Delawareans are being denied coverage for essential health care and Delawareans are driving to Philadelphia or Baltimore or DC to get the basic care they need.

These are national problems. Delaware is not alone. But that doesn’t mean we have to accept this. 

And if Washington moves backwards, or downwards, we’re not going with them. In Delaware, we move forward. 

I’m going to work every day to make health care in Delaware more affordable, more accessible, more reliable and more innovative. 

Which brings me back to innovation. We’re proud of our reputation as a home to thriving businesses—but we can do even better by them. 

Starting a business is really hard. I know that from experience.  

We want Delaware to be a state where all businesses—whether you’re a Fortune 500 company, or a mom-and-pop shop—can prosper. Where a person with a bold idea can build a business, create good jobs, and strengthen the economy of the state we call home.

Some see our size as a disadvantage. 

I disagree.

Being small can be our superpower. We can be nimble. We can move quickly and work closely together. We can take measured risks and experiment. 

I want to take advantage of our smallness to create true greatness. 

I want us to be a model for what any state can achieve.

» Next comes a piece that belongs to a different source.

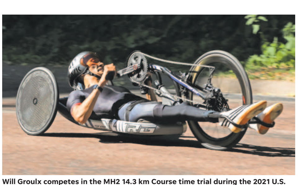
Paralympic Trials.

She was 12 years old when she competed in her first international swimming competition, the 2004 Athens Paralympics. Overall, the 29-year-old has accumulated 23 medals.

At a time when nearly half our country is wondering what future there is for America, we right here can come together and realize the promise of an America that truly does work for everyone. 

I want “The First State” to describe our future, not just our proud past.

I am confident we can do these things.

Everywhere I travel across our state, I ask you, “How can I help? What can I do to make things better?”

But really, that’s a question I need all of us to ask.

“How can we help? What can we do, together, to make things better?”

Because it’s going to take more than a governor to solve these problems. You and I, we’re in this together.

I often think back to my time in Iraq. I wasn’t a soldier; I was a diplomat. But I’ll never forget being on the move with fifteen US Army soldiers when our vehicle broke down a couple hours outside Mosul. It was 120 degrees outside in what was then the most dangerous region of the most dangerous country in the world. 

None of us knew what was going to happen next. But all of us knew that whatever happened, we were in it together.

Whatever differences we had dissolved in that moment. Differences of region, race, income, education. None of it mattered. 

We got home safe. I feel very lucky.

And I carry that lesson with me every day. 

Yes, Delawareans, we do have differences. Real differences that sometimes run deep.

But we share a mission. That mission, as I see it, is to show you every day that government can deliver. That democracy can deliver. That the vote those delegates took in 1787 was a smart bet when they created our country—a vote of confidence in succeeding generations, a vote of confidence in us. They believed that whatever challenges their states and our nation faced, we would rise to them.

My friends, let us be worthy of their belief in us. 

There are too many sixth and seventh grade teachers out there, too many parents of public school students who simply do not see that promise of America, that promise of Delaware.

Let us rise to the challenges at hand. Let us work better and deliver more.

And let us build a future even better than our past.

That future starts now.

Thank you. God bless the great state of Delaware, and God bless our country.